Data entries
○ ○ ○
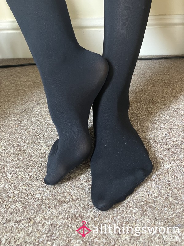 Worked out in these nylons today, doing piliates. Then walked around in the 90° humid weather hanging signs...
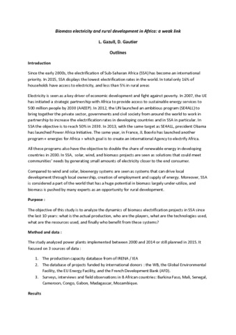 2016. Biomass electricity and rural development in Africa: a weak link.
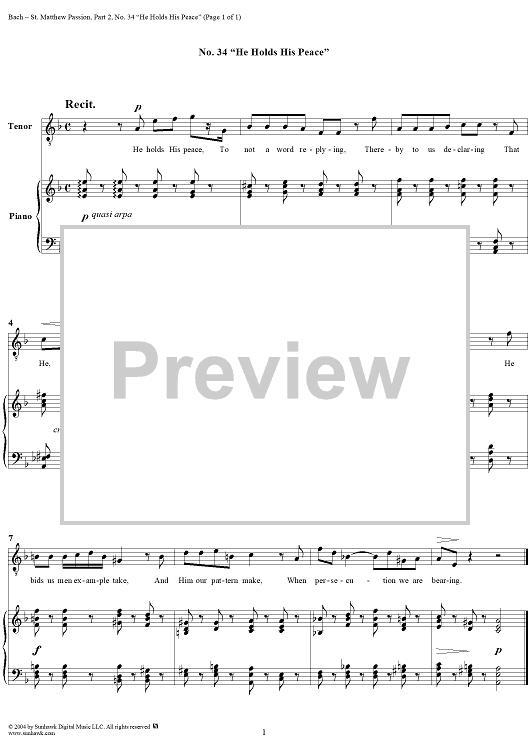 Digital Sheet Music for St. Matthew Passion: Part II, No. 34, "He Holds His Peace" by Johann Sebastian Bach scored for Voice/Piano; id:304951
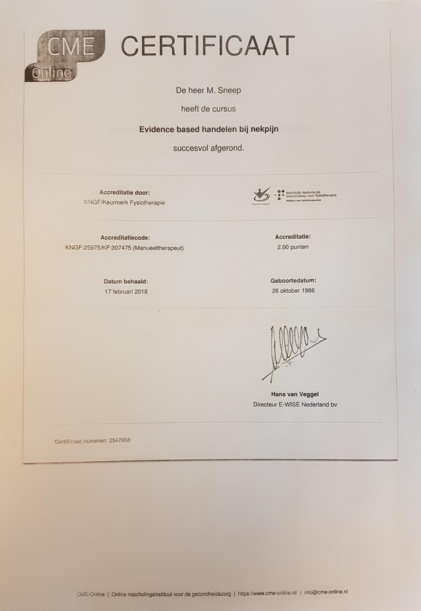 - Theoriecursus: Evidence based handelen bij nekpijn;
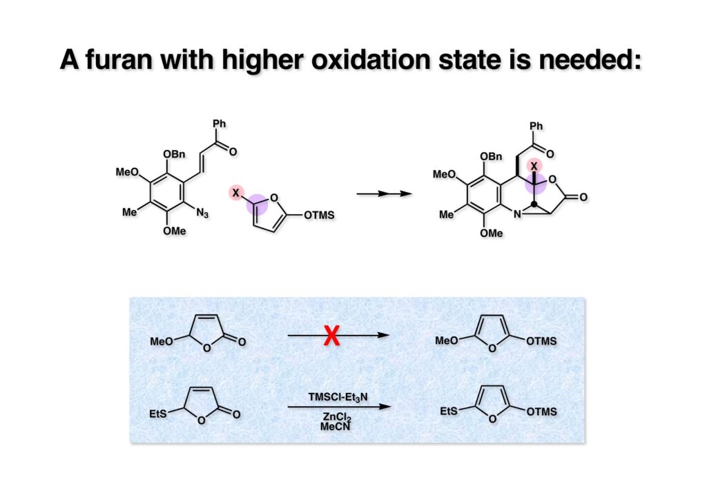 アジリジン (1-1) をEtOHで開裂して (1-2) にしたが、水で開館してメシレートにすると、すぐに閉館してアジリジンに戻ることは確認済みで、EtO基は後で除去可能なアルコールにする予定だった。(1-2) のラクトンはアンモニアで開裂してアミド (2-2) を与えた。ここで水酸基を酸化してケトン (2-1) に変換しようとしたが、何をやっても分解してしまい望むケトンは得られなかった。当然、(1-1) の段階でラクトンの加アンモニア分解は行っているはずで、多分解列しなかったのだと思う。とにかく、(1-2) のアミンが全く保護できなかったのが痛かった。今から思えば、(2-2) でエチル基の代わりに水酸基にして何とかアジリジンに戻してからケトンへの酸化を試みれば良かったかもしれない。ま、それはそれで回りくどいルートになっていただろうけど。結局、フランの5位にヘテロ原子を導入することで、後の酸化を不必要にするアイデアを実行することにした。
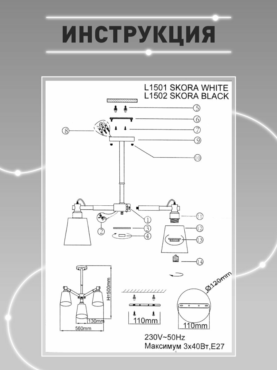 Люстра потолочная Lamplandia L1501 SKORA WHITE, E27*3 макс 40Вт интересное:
○ ○ ○
▶ ACTION ITEM
No pictures belong in the output. It should reproduce exactly the lines from the one containing "Digital Sheet Music" through the end of the data, both ends included.

▶ SOLUTION TO THE PROBLEM
 Digital Sheet Music for St. Matthew Passion: Part II, No. 34, "He Holds His Peace" by Johann Sebastian Bach scored for Voice/Piano; id:304951
 - Theoriecursus: Evidence based handelen bij nekpijn;
 アジリジン (1-1) をEtOHで開裂して (1-2) にしたが、水で開館してメシレートにすると、すぐに閉館してアジリジンに戻ることは確認済みで、EtO基は後で除去可能なアルコールにする予定だった。(1-2) のラクトンはアンモニアで開裂してアミド (2-2) を与えた。ここで水酸基を酸化してケトン (2-1) に変換しようとしたが、何をやっても分解してしまい望むケトンは得られなかった。当然、(1-1) の段階でラクトンの加アンモニア分解は行っているはずで、多分解列しなかったのだと思う。とにかく、(1-2) のアミンが全く保護できなかったのが痛かった。今から思えば、(2-2) でエチル基の代わりに水酸基にして何とかアジリジンに戻してからケトンへの酸化を試みれば良かったかもしれない。ま、それはそれで回りくどいルートになっていただろうけど。結局、フランの5位にヘテロ原子を導入することで、後の酸化を不必要にするアイデアを実行することにした。
 Люстра потолочная Lamplandia L1501 SKORA WHITE, E27*3 макс 40Вт интересное:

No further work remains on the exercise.